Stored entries
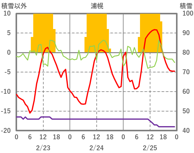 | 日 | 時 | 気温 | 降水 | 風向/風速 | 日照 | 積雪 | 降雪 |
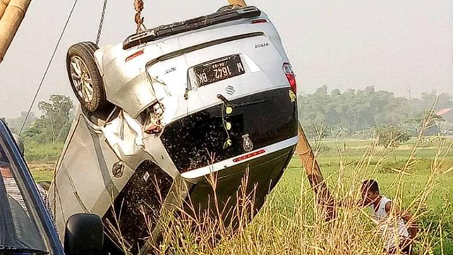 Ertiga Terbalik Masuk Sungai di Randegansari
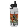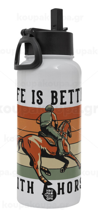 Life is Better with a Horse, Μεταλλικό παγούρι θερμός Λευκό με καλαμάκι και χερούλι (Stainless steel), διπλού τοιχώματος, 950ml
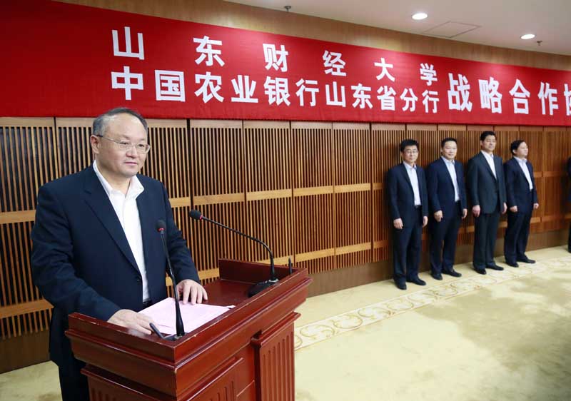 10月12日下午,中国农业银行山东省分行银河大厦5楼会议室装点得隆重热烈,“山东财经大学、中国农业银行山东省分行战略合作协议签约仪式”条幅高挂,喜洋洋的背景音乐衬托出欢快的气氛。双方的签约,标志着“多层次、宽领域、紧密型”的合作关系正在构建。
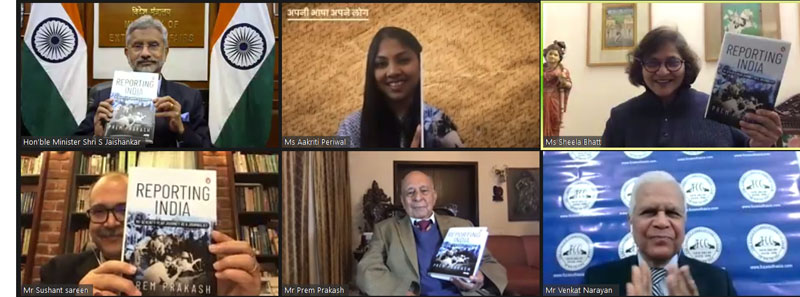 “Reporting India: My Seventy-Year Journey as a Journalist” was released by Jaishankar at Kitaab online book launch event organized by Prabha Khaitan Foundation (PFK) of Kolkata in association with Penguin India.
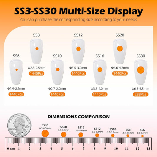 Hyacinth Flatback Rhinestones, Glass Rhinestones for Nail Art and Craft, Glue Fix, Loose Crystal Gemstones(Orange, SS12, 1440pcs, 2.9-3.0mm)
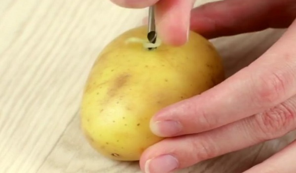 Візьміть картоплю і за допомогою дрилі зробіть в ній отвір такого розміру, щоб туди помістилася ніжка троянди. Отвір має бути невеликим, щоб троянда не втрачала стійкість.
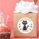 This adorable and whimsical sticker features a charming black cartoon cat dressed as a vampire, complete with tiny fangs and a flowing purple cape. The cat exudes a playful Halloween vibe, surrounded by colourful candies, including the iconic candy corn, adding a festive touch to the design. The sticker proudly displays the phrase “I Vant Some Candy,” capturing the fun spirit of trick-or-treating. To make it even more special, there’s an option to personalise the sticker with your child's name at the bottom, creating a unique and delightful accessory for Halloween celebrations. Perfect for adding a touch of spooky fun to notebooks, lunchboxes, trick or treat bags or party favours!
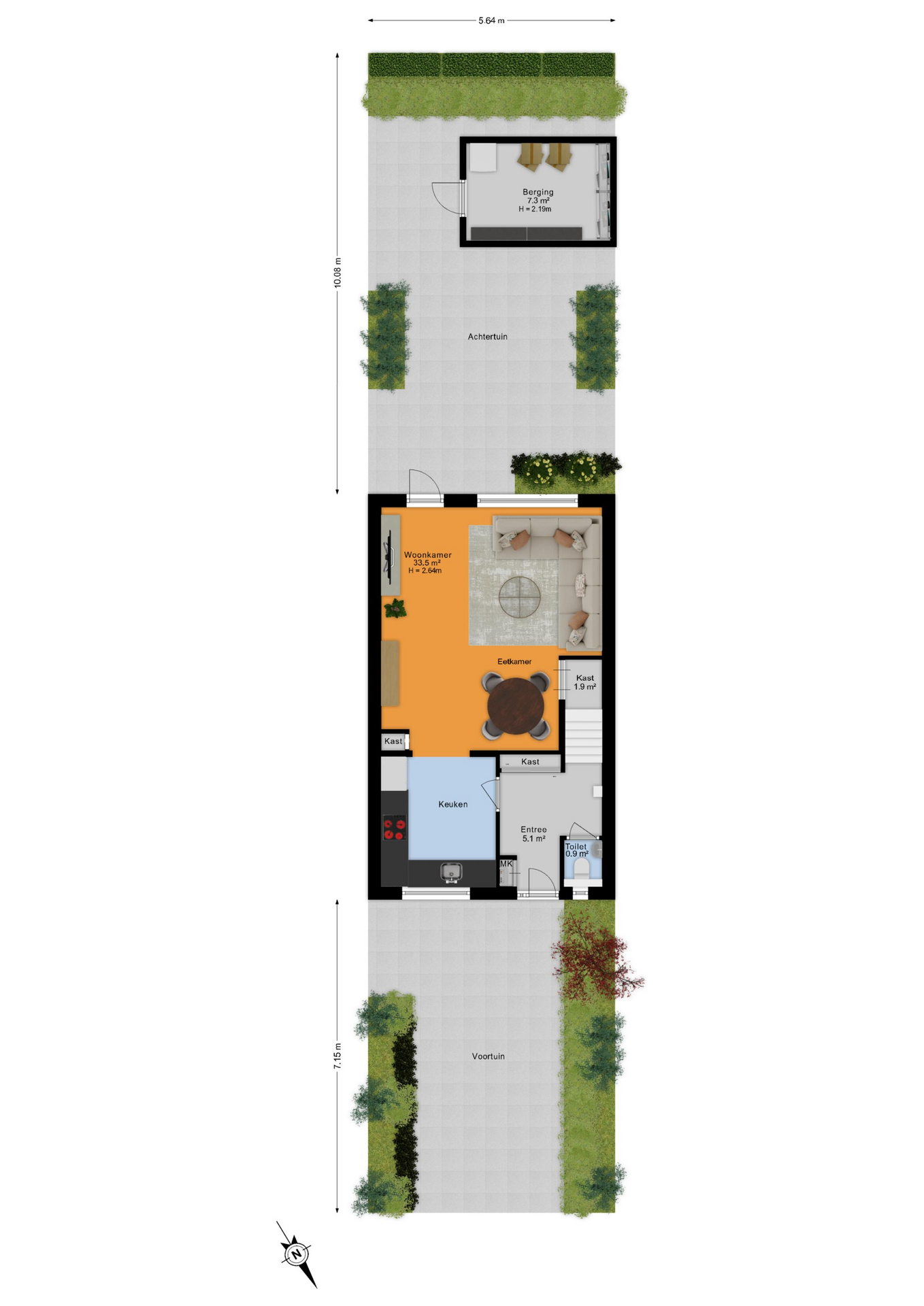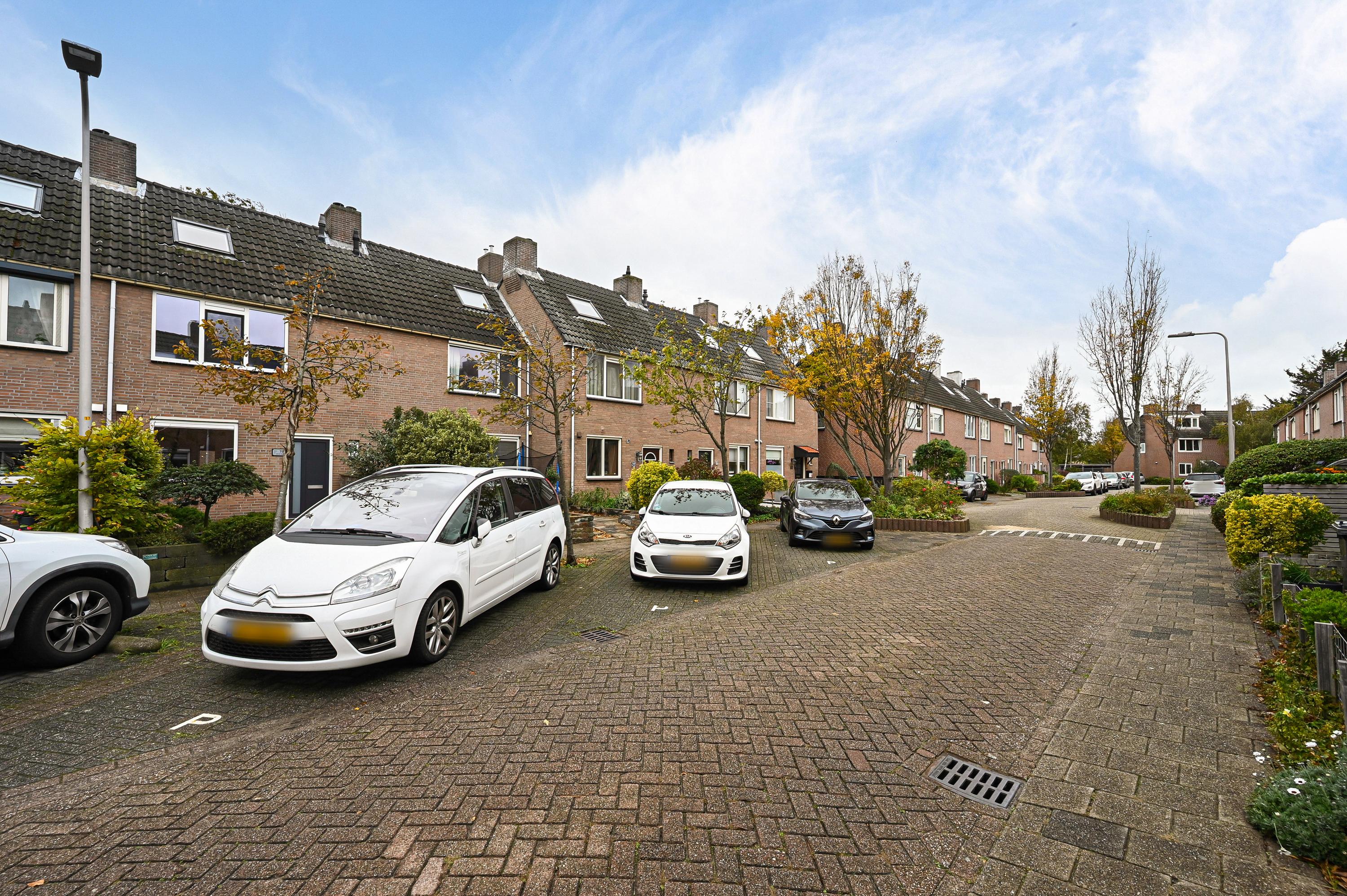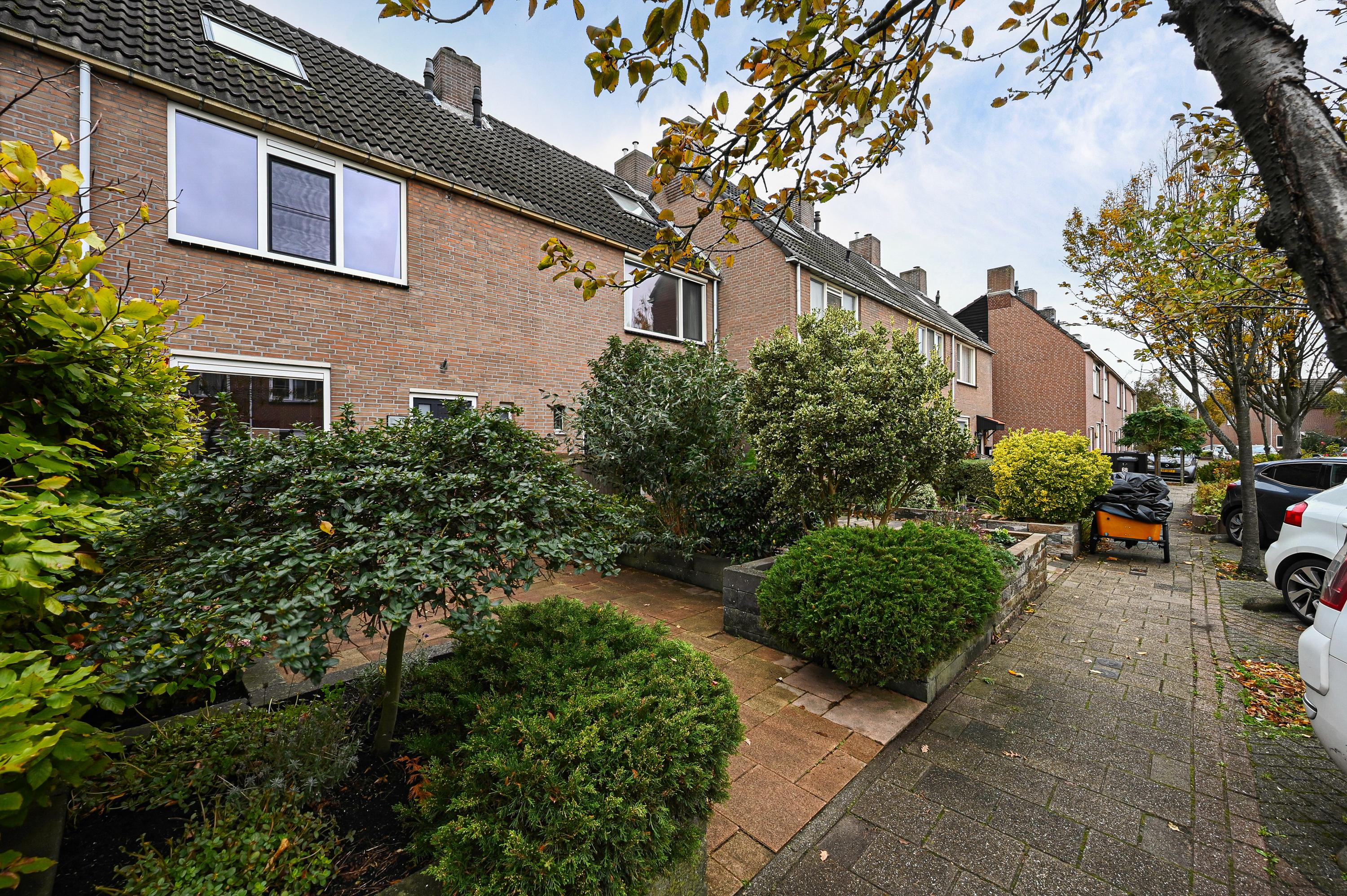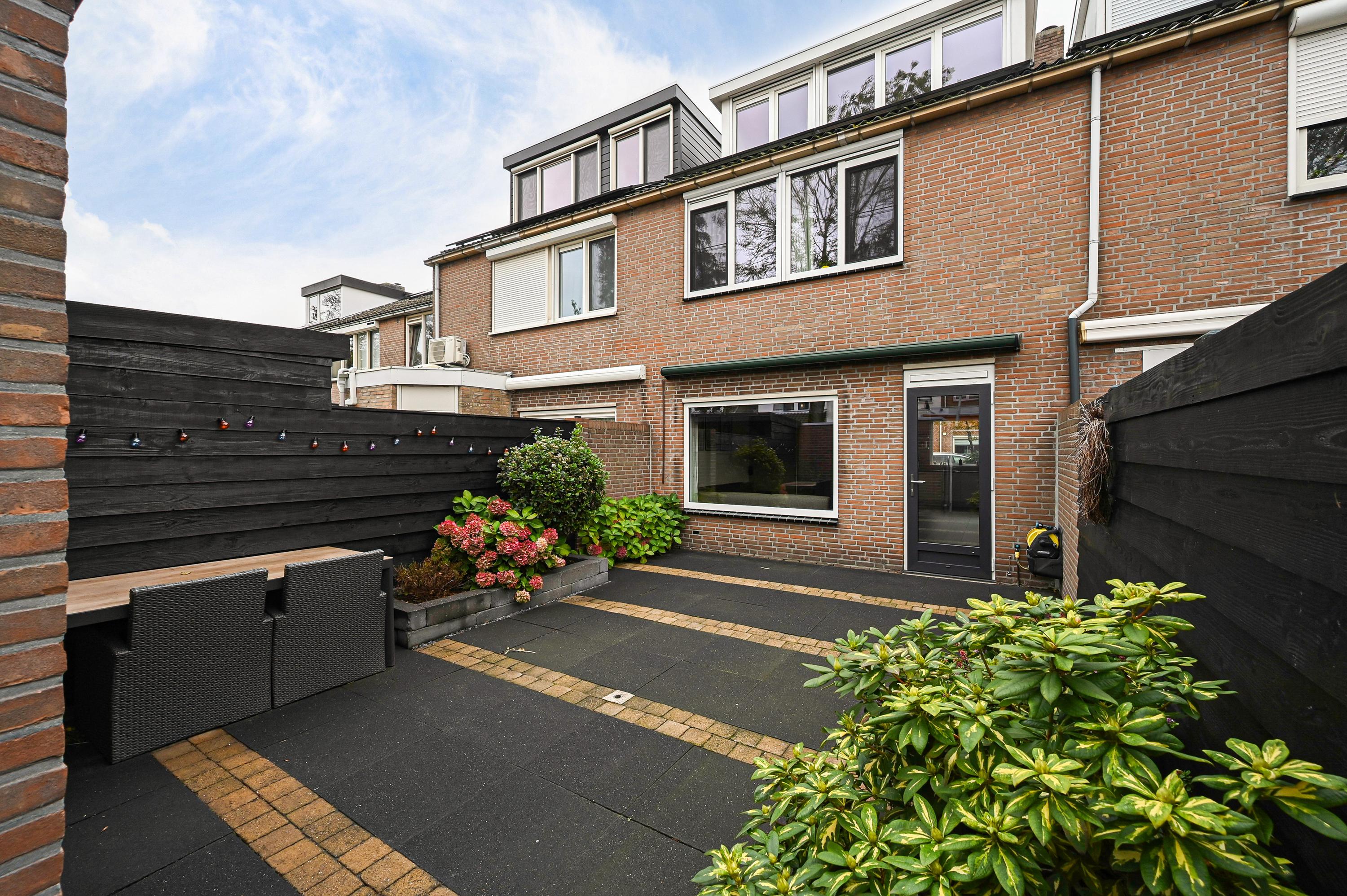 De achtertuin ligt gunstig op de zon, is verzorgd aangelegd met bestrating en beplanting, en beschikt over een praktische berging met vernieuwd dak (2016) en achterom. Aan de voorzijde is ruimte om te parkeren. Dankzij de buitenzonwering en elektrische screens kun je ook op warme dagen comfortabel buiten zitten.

Assignment —
Each line from the first line of the records through the line containing "with Penguin India." must be reproduced exactly, with both ends included and all pictures omitted; nothing else belongs in the answer.

Answer box —
 | 日 | 時 | 気温 | 降水 | 風向/風速 | 日照 | 積雪 | 降雪 |
 Ertiga Terbalik Masuk Sungai di Randegansari
 Life is Better with a Horse, Μεταλλικό παγούρι θερμός Λευκό με καλαμάκι και χερούλι (Stainless steel), διπλού τοιχώματος, 950ml
 10月12日下午,中国农业银行山东省分行银河大厦5楼会议室装点得隆重热烈,“山东财经大学、中国农业银行山东省分行战略合作协议签约仪式”条幅高挂,喜洋洋的背景音乐衬托出欢快的气氛。双方的签约,标志着“多层次、宽领域、紧密型”的合作关系正在构建。
 “Reporting India: My Seventy-Year Journey as a Journalist” was released by Jaishankar at Kitaab online book launch event organized by Prabha Khaitan Foundation (PFK) of Kolkata in association with Penguin India.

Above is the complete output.